**Exercise aim**
Entries below include pictures. Output exactly the lines from the one with "Display Job HistoryThe" down to the one with "Fas-n-Tite® Fine Drywall", both ends included, and leave the pictures out.

**Records for this task**
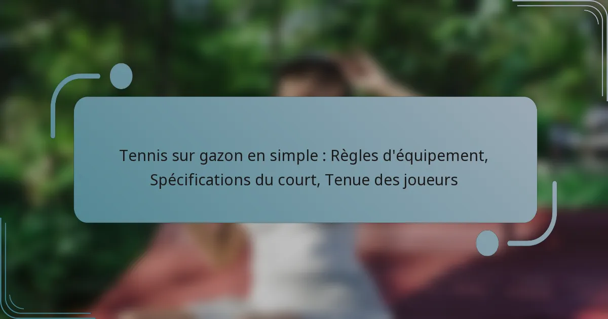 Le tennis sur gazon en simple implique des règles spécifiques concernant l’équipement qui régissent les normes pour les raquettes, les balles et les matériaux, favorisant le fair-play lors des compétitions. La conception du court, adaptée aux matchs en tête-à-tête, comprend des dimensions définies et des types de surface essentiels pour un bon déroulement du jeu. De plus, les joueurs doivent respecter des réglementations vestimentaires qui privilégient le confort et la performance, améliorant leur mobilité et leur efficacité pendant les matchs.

* * *

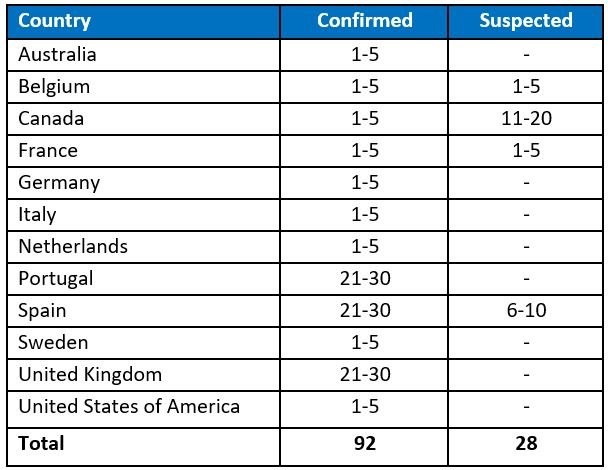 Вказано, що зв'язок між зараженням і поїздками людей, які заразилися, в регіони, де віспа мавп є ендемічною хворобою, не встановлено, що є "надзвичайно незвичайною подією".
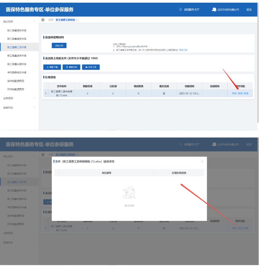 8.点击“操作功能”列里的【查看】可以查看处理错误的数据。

==

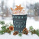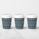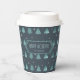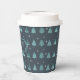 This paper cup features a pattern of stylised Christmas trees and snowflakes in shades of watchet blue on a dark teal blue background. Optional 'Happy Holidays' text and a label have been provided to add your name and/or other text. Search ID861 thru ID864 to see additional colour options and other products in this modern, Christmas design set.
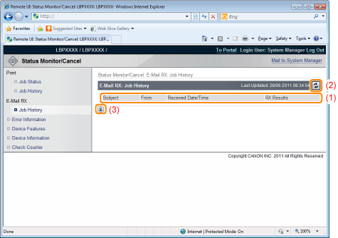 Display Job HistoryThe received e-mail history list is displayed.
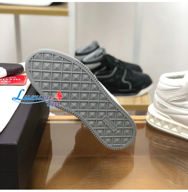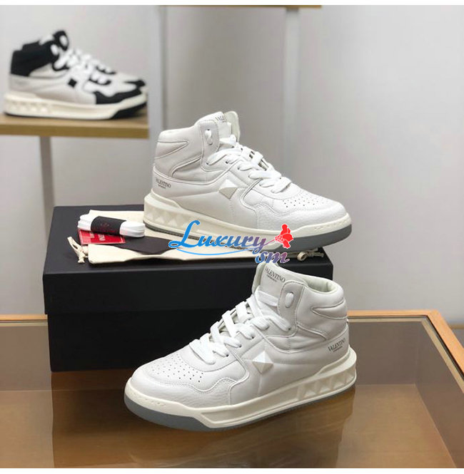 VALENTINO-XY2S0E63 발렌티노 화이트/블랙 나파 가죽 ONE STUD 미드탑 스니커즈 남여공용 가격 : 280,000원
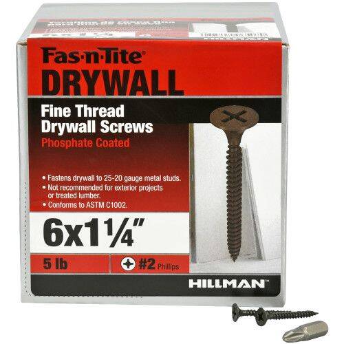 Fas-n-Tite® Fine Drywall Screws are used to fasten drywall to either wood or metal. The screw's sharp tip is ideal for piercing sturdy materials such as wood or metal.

**Response to the task**
 Display Job HistoryThe received e-mail history list is displayed.
 VALENTINO-XY2S0E63 발렌티노 화이트/블랙 나파 가죽 ONE STUD 미드탑 스니커즈 남여공용 가격 : 280,000원
 Fas-n-Tite® Fine Drywall Screws are used to fasten drywall to either wood or metal. The screw's sharp tip is ideal for piercing sturdy materials such as wood or metal.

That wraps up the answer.